Introduction

Geolambda is a docker-based lambda function package builder.

If we replace GDAL installation in Docker with GEE, we can build a lambda function that can run on AWS.

# GDAL
RUN \
    wget http://download.osgeo.org/gdal/$GDAL_VERSION/gdal-$GDAL_VERSION.tar.gz; \
    tar -xzvf gdal-$GDAL_VERSION.tar.gz; \
    cd gdal-$GDAL_VERSION;

The base of Geolambda is specified in Dockerfile.base:

FROM lambdalinux/baseimage-amzn:2017.03-004

Problem

docker-compose hangs during geos package compilation on Mojave:

libtool: compile:  g++ -DHAVE_CONFIG_H -I. -I../../../include -I../../../include/geos -I../../../include -DGEOS_INLINE -pedantic -Wall -ansi -Wno-long-long -ffloat-store -g -O2 -MT MonotoneChainSelectAction.lo -MD -MP -MF .deps/MonotoneChainSelectAction.Tpo -c MonotoneChainSelectAction.cpp  -fPIC -DPIC -o .libs/MonotoneChainSelectAction.o


You can restart docker app if that happens. At the end, GDAL build fails with an error that HDF5 is missing.
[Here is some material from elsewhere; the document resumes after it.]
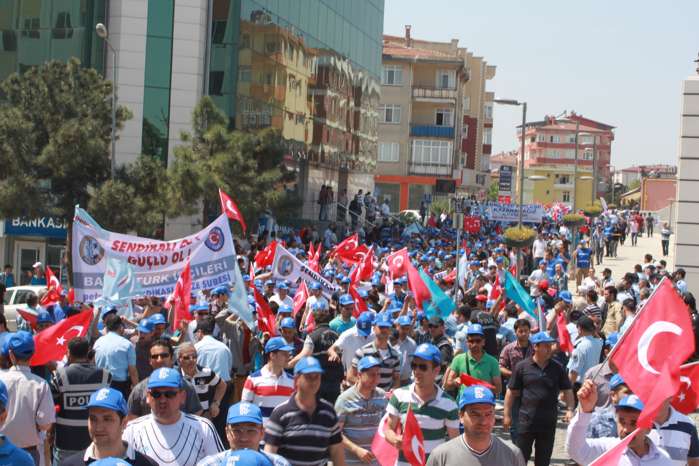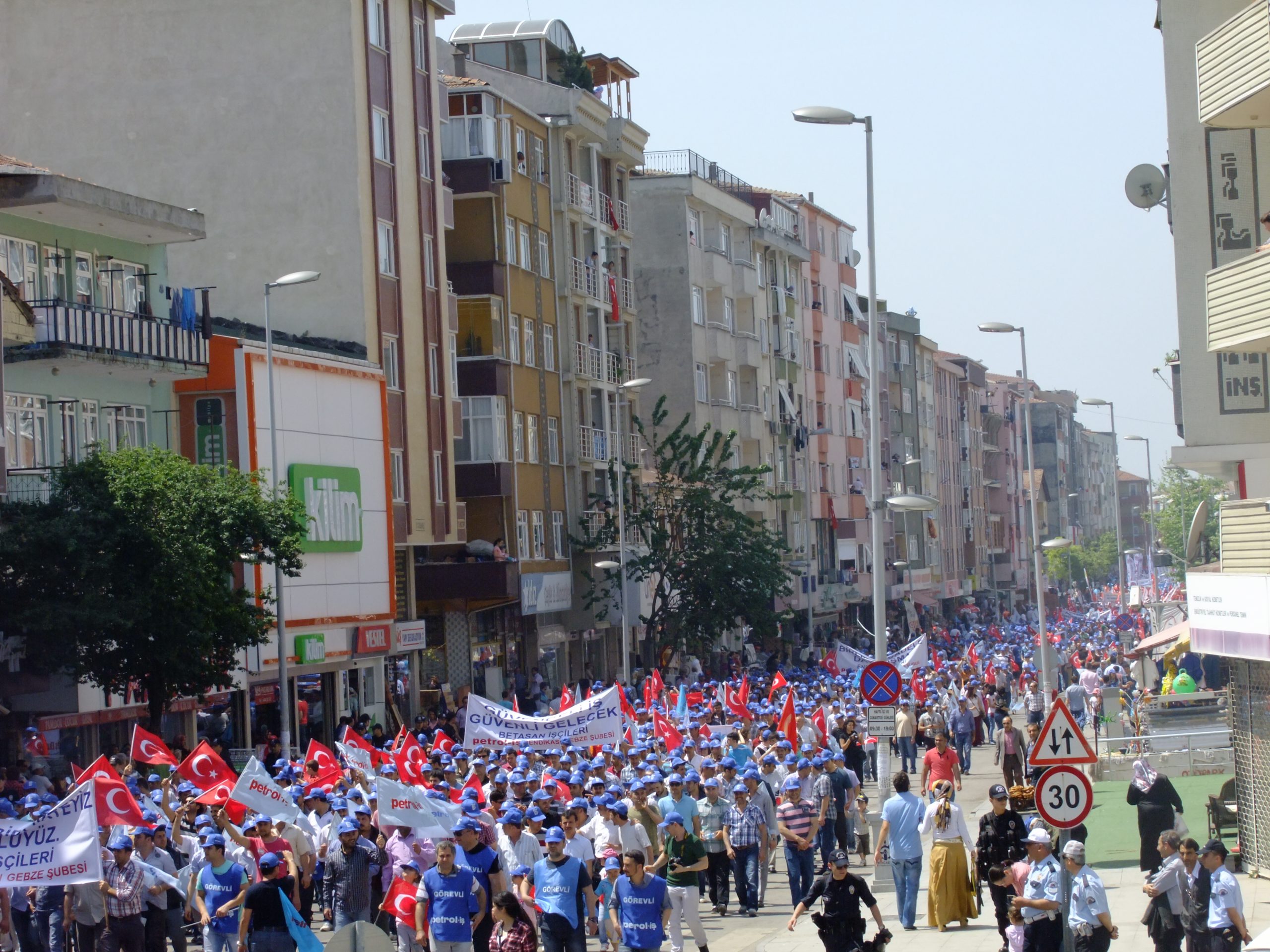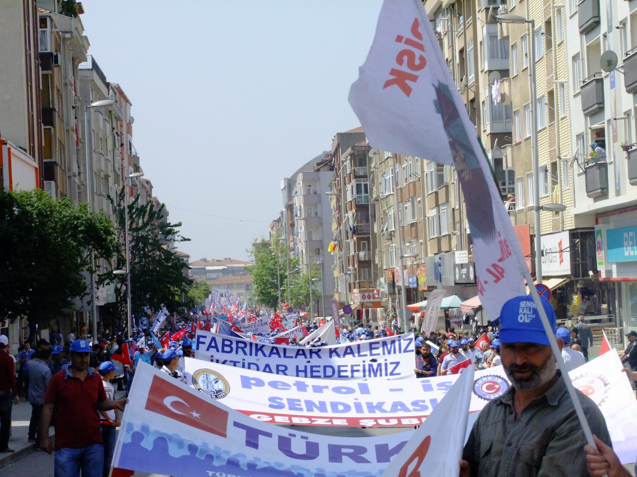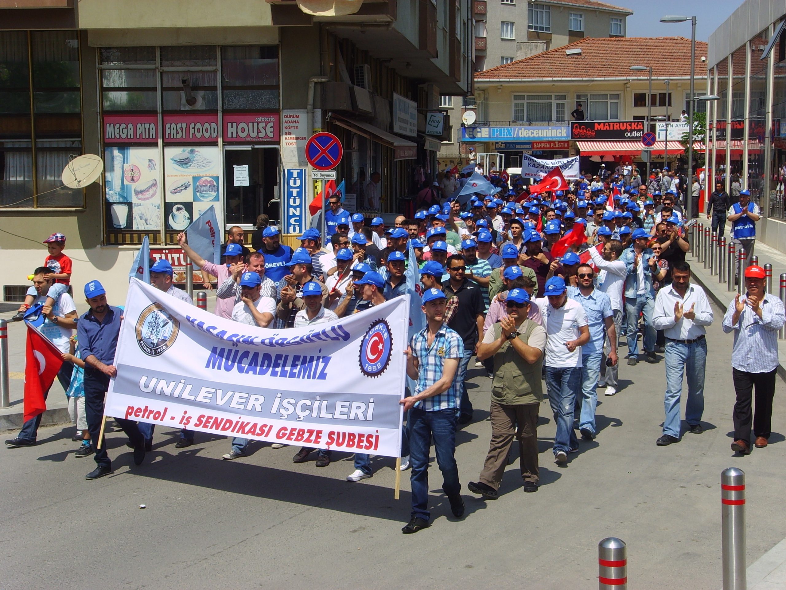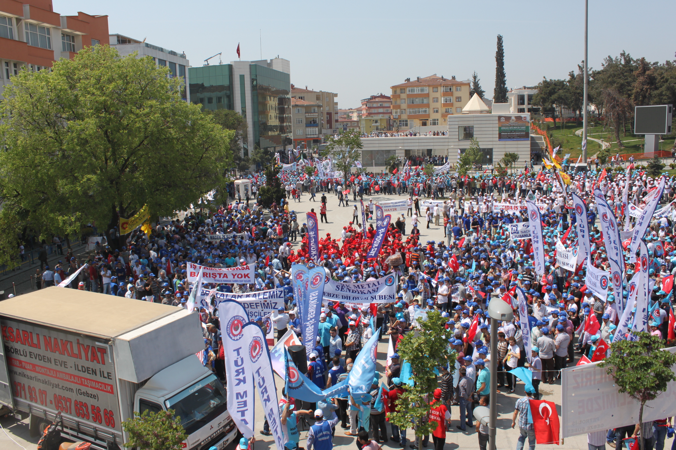 1 Mayıs 2013 Gebze de Sendikalar Birliğinin öncülüğünde Türk-İşe bağlı sendikalardan Petrol-İş Gebze ve Kocaeli Şubeleri, Türk Metale bağlı Gebze, Çayır ova, Dil ovası, Kocaeli ve Gölcük Şubeleri,Tekgıda Anadolu Yakası Şubesi, Tez Koop- İş Gebze Şubesi,Tes-İs Gebze Temsilciliği, Harb- İş Gölcük Şubesi, Sağlık-İş Kocaeli Şubesi, Maden- İş Kocaeli Temsilciliği ile Hak -İş’ e bağlı Çelik- İş ve DİSK’ bağlı Birleşik Metal -İş Sendikaları ve Emekli- Sen katıldı.

checking for H5Fopen in -lhdf5... no
configure: error: HDF5 support requested with arg /usr/local, but no hdf5 lib found
GNUmakefile:1: GDALmake.opt: No such file or directory
./config.status --recheck
make: ./config.status: Command not found
make: *** [config.status] Error 127
GNUmakefile:1: GDALmake.opt: No such file or directory
./config.status --recheck
make: ./config.status: Command not found
make: *** [config.status] Error 127

The above error can be fixed by adjusting HDF5 library version to 1.10.4 in Dockerfile.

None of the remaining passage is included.